# What to produce
In the listing below, find the line with "Stunning sunset over" and the line with "Ben Simmons 2022". Repeat those two lines and all lines between them exactly.

# Extracted entries

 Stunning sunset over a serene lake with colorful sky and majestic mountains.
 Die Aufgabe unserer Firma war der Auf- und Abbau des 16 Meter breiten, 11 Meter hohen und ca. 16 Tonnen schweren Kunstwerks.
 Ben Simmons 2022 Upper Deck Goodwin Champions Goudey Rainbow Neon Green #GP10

--

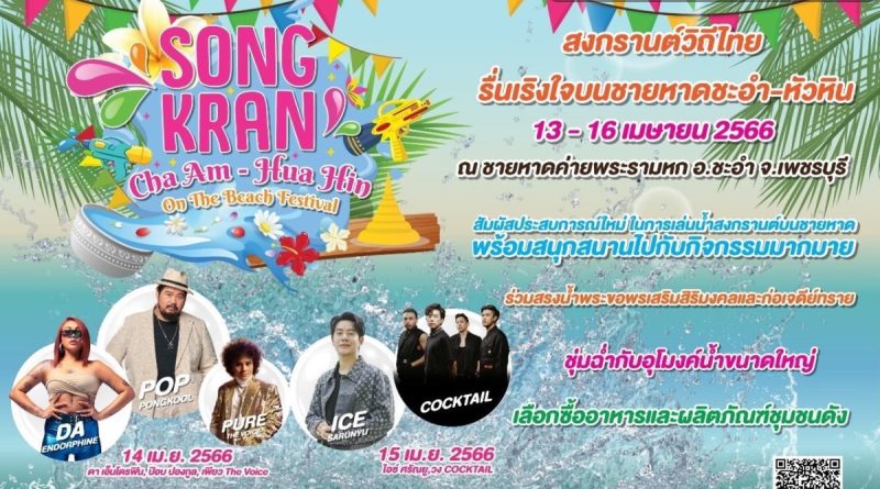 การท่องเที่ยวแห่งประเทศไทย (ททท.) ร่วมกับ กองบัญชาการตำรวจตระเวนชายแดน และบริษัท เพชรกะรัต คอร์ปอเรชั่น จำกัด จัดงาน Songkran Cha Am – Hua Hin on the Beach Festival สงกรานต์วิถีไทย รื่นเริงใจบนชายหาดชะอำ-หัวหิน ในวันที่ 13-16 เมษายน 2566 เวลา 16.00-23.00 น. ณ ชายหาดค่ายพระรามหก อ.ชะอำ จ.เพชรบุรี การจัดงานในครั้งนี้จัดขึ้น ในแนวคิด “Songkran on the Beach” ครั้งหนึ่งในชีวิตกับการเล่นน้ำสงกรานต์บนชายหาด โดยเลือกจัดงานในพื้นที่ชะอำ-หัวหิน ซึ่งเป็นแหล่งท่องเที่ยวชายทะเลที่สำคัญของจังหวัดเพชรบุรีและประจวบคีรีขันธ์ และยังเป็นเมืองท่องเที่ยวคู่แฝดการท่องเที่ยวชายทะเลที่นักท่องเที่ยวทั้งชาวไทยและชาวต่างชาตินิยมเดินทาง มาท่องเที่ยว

--

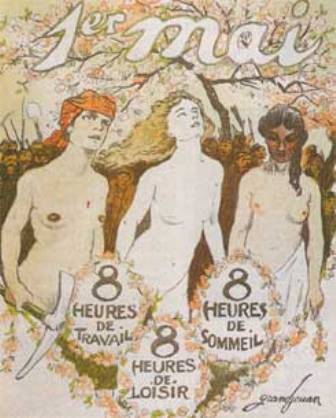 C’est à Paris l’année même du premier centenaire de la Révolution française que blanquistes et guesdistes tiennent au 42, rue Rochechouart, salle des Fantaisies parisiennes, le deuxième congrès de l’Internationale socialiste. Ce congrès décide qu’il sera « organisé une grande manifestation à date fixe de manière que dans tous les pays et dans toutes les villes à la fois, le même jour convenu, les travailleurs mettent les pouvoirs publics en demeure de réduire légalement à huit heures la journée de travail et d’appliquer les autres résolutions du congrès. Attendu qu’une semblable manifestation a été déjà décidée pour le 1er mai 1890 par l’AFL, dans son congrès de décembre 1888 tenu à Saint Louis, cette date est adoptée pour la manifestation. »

# Solution for this problem
 Stunning sunset over a serene lake with colorful sky and majestic mountains.
 Die Aufgabe unserer Firma war der Auf- und Abbau des 16 Meter breiten, 11 Meter hohen und ca. 16 Tonnen schweren Kunstwerks.
 Ben Simmons 2022 Upper Deck Goodwin Champions Goudey Rainbow Neon Green #GP10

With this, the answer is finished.